第32話 ツアー御一行様 3
32 ツアー御一行様 3
桜田・佐藤Side
コバちゃんに指摘されて桜田の方を見ると、そこには泣きそうな顔で笑っている桜田が居た。
「桜田様・・・」
「佐藤、1つ確認をしても良いか?」
「・・・ん?」
「私が・・・佐藤の恋人で・・・良いのか?」不安に押し潰されそうな顔で聞いてきた。
この不器用で真っ直ぐな人に、こんな顔をさせているのか・・・私が・・・。
全く親父の言う通り不誠実な男だ。
「桜田様・・・」
「佐藤、ごめん。皆の様に上手に挨拶出来なかった。」
「ねぇ翔たん。私は多分、貴方の事をすごく愛していると思いますよ。」
多分って何?!多分思うって・・・フォローになってないわ!!!桜田は心で叫ぶ。
「こんな気持ち・・・初めてだから、良く分らないけど・・・」
「カケル・・・泣きそうだ。可愛すぎる。」桜田はウルウルした目で佐藤を見つめる。
「この気持ちを大切にしたいと思う・・・翔たんには、伝わっていない?不安?」
「カケル・・・ごめ・・ん。もう大丈夫だ。」
***
「コバちゃん、ココロ君様と仲良いな。」佐藤は小林の背中に飛び乗った。
「カケル君重いですよ・・・翔さまを放っておいて大丈夫なんですか?」
小林が桜田の方を見ると、向こうで桜田は余裕の笑みをカマしている。
・・・さっきまで青ざめていたのに。
「俺達、少し素直に話をした。コバちゃんお陰だ・・・ありがと。」
そんな可愛い顔で、お礼なんて言われると・・・照れるじゃないですか。
小林は心でそう思いながら、微笑んだ。
佐藤さんの言葉に照れている・・・小林さん、可愛い。・・・松井も小林を見ていた。
「小林さん、佐藤さんの事好きなの?」松井がストレートに質問をぶつけた。
「そりゃあ、大好きですよ。幼い頃からずっと見てきましたから。ココロ君様とは、意味が違いますけどね。」小林が小声で答えた。

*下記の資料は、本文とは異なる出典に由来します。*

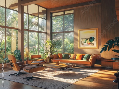 Mid-Century Modern Living Room Interior Design with Large Windows and Sunlight Streaming In.

「それが、そうでも無いんだよね。」松井は少し困った顔をした。
「まぁ、佐藤さんとの出会いが運命だった事は確かですけど。」
「私もビミョーに複雑なんですよ。」
ビミョーに複雑って・・・どう言う状況だよ。と小林はツッコミを入れたくなった。
向こうから美作が、小走りでやって来た。
「コバちゃん!!カケル君家のコックと友達になった~。」
「レシピ貰ったから、今度作ったげるね。」
「って、ココロ君様。今、俺のコバちゃんを口説こうとしてたでしょう?」松井の方を睨む。
「いや・・・そこまで明確な行動は、してない。」
「佐藤さん~。美作君が、イジめる~。」松井は佐藤に助けを求めた。
「ダメだぞ~。仲良くしなきゃ。」
「だってココロ君様が、俺のコバちゃんを・・・」
「2人でコバちゃんを、取り合ってたのか・・・だったら美作君、コバちゃんに良いところを見せないと。」
「美作君の良いところか・・・元気で可愛い笑顔だな。」桜田も参戦する。
「料理の腕は?」
「それは、別格!!」
「コバちゃんは中々手強いぞ!」
「自分達がスッキリしたからって、私で遊ぶのは止めて下さい。」小林が睨んだ。
「カケル君。他にやる事あるでしょ?」
「うん。分ってるよ。」と言って、桜田の腕を掴んでズンズン歩いて行く。